Вторым моим помощником стал сельский учитель Паша Катков, о себе написавший: «Я не городской, не деревенский, потому что пригородный я…» (На занятия студии он действительно ездил регулярно из неблизкого пригорода). Но если уж по правде, так мы с Вовкой Антухом помощниками были у мастеровитого, спортивно сложенного Паши: он на моей стройке сразу взял на себя функции прораба, мы — лишь на подхвате.

Работали до седьмого пота, до надсадной боли внизу живота и мельтешения в глазах темных пятен. Потом падали на подстилки из свежескошенных трав (сено меж венцами сруба укладывали), вдыхали дурманные запахи слегка подвяленных на солнышке кипрея и белоголовника — уж этого добра вокруг участка заросли в рост человеческий! — читали на память свои и чужие стихи, вспоминали казусы из «студийной полосы». А Елена звала нас, наконец, к костру, где в чугунном котелке млел азиатский плов — одно из коронных ее блюд! — где разложены на капустных листах чисто вымытые овощи, где не сразу, но находилась все же запрятанная моей женой бутылка водки, и даже Вовке Антуху за ударную работу прощались грехи…

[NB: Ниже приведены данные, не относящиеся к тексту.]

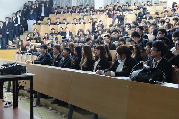 会计学院学生会近500人,他们身着整齐的服装,怀着喜悦的心情参加着自己的盛会。本次大会由会计学院学生会执行主席王瀚雄和常务主席肖玥共同主持。大会第一项为各部门部长带领新干事做自我介绍和团队展示。学生会四大中心的十七个部门依次上台展现了各自的风采,为大家带来了精心准备的节目。管理中心通过精心准备以再现他们工作情况的形式进行了自我介绍,以生动形象的方式表达出了其独特的职能,展示了他们平日严谨认真的工作作风;行政中心则采用了更激昂的形式表达了对学生会美好明天的无限憧憬;文艺中心的同学们则充分地利用了他们的特长,以每个部门特有的表达形式,传递出他们对学生会的热爱之情;传媒中心共同演唱的《相亲相爱》表达了个成员之间的脉脉温情,他们团结协作精神令在场所有人为之动容。
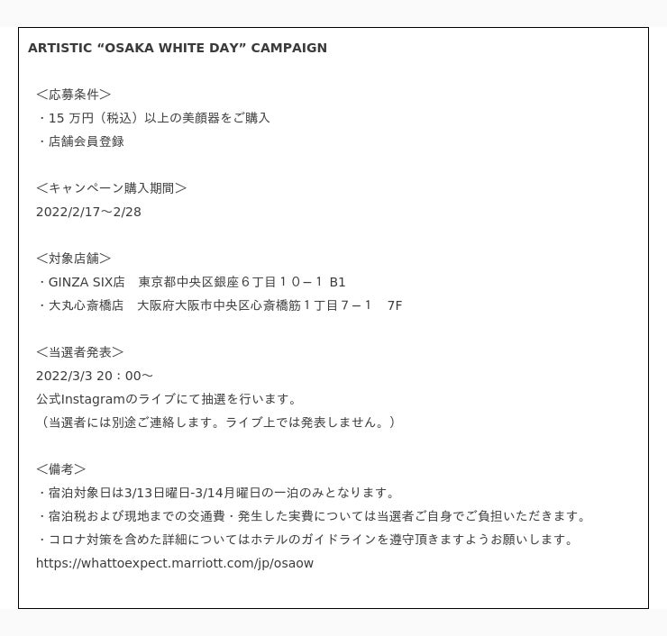 期間中、ARTISTIC の美顔器ご購入者の中から抽選で、3 月 13 日(日)~14 日(月)W OSAKA ファンタスティックスイート 2 名 1 組・1 泊の宿泊券を限定 3 部屋プレゼント。

— Лепота! — восклицал Паша Катков, очищая свою недавно отрощенную «чеховскую» бородку от рисинок, пропитанных жиром и морковной рыжиной. Он казался счастливым и беззаботным, да не знал я тогда, что надсадной работой и общением с друзьями гонит он горькие мысли об изменившей ему недавно красавице-жене, о том, что им, наверно, придется расстаться…

Мысли мои тоже просветлялись, прядали подальше от Налима, от Тихонького, от всех нападок и разборок…

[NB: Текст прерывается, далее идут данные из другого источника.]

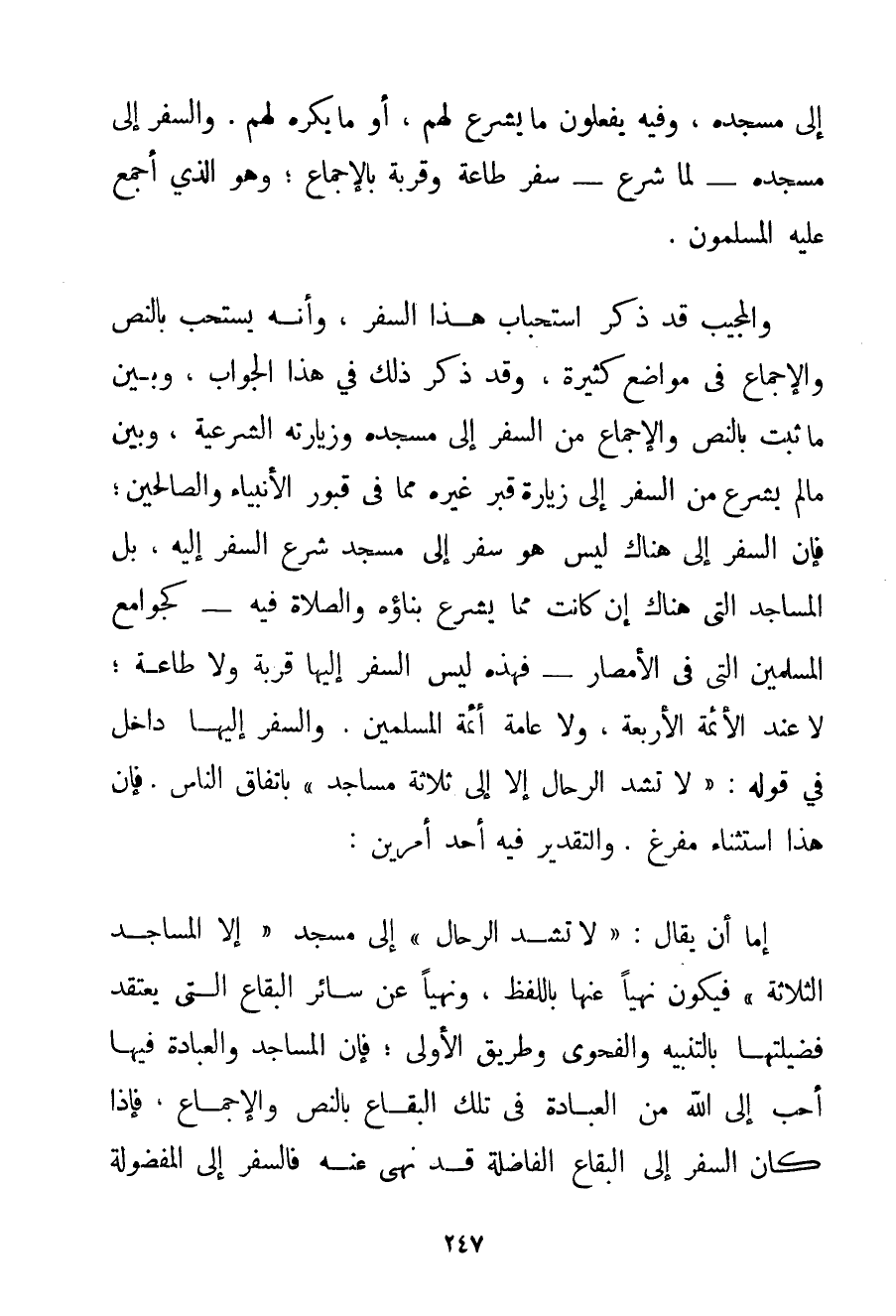 إلَى مَسْجِدِهِ وَفِيهِ يَفْعَلُونَ مَا يُشْرَعُ لَهُمْ أَوْ مَا يُكْرَهُ لَهُمْ. وَالسَّفَرُ إلَى مَسْجِدِهِ - لَمَّا شُرِعَ - سَفَرُ طَاعَةٍ وَقُرْبَةٍ بِالْإِجْمَاعِ؛ وَهُوَ الَّذِي أَجْمَعَ عَلَيْهِ الْمُسْلِمُونَ. وَالْمُجِيبُ قَدْ ذَكَرَ اسْتِحْبَابَ هَذَا السَّفَرِ وَأَنَّهُ يُسْتَحَبُّ بِالنَّصِّ وَالْإِجْمَاعِ فِي مَوَاضِعَ كَثِيرَةٍ وَقَدْ ذَكَرَ ذَلِكَ فِي هَذَا الْجَوَابِ وَبَيَّنَ مَا ثَبَتَ بِالنَّصِّ وَالْإِجْمَاعِ مِنْ السَّفَرِ إلَى مَسْجِدِهِ وَزِيَارَتِهِ الشَّرْعِيَّةِ وَبَيَّنَ مَا لَمْ يُشْرَعْ مِنْ السَّفَرِ إلَى زِيَارَةِ قَبْرِ غَيْرِهِ مِمَّا فِي قُبُورِ الْأَنْبِيَاءِ وَالصَّالِحِينَ؛ فَإِنَّ السَّفَرَ إلَى هُنَاكَ لَيْسَ هُوَ سَفَرٌ إلَى مَسْجِدٍ شُرِعَ السَّفَرُ إلَيْهِ بَلْ الْمَسَاجِدُ الَّتِي هُنَاكَ إنْ كَانَتْ مِمَّا يُشْرَعُ بِنَاؤُهُ وَالصَّلَاةُ فِيهِ - كَجَوَامِعِ الْمُسْلِمِينَ الَّتِي فِي الْأَمْصَارِ - فَهَذِهِ لَيْسَ السَّفَرُ إلَيْهَا قُرْبَةً وَلَا طَاعَةً؛ لَا عِنْدَ الْأَئِمَّةِ الْأَرْبَعَةِ وَلَا عَامَّةِ أَئِمَّةِ الْمُسْلِمِينَ. وَالسَّفَرُ إلَيْهَا دَاخِلٌ فِي قَوْلِهِ: {لَا تُشَدُّ الرِّحَالُ إلَّا إلَى ثَلَاثَةِ مَسَاجِدَ} بِاتِّفَاقِ النَّاسِ. فَإِنَّ هَذَا اسْتِثْنَاءٌ مُفْرَغٌ. وَالتَّقْدِيرُ فِيهِ أَحَدُ أَمْرَيْنِ: إمَّا أَنْ يُقَالَ: {لَا تُشَدُّ الرِّحَالُ} إلَى مَسْجِدٍ {إلَّا الْمَسَاجِدَ الثَّلَاثَةَ} فَيَكُونُ نَهْيًا عَنْهَا بِاللَّفْظِ وَنَهْيًا عَنْ سَائِرِ الْبِقَاعِ الَّتِي يُعْتَقَدُ فَضِيلَتُهَا بِالتَّنْبِيهِ وَالْفَحْوَى وَطَرِيقِ الْأَوْلَى؛ فَإِنَّ الْمَسَاجِدَ وَالْعِبَادَةَ فِيهَا أَحَبُّ إلَى اللَّهِ مِنْ الْعِبَادَةِ فِي تِلْكَ الْبِقَاعِ بِالنَّصِّ وَالْإِجْمَاعِ فَإِذَا كَانَ السَّفَرُ إلَى الْبِقَاعِ الْفَاضِلَةِ قَدْ نُهِيَ عَنْهُ فَالسَّفَرُ إلَى المفضولة

А дома пытался я гнать черные мысли стуком печатной машинки, уносился из опостылевшей современности в Ур Халдейский, в Ханаан, в древний Рим… Ликовал и горевал вместе с предбытниками моими — Лотом и Овидием… Но при всем том неоднократно порывался ведь испепелить рукопись, ощущая себя бездарем, много раз обещал себе отречься от затеи продолжать этот сумбурный роман, но, как наркоман в жажде забытья и кайфа тянется к «травке», так и я, вернувшись из Межениновки, разгонял вновь прихлынувшую черноту стуком печатной машинки.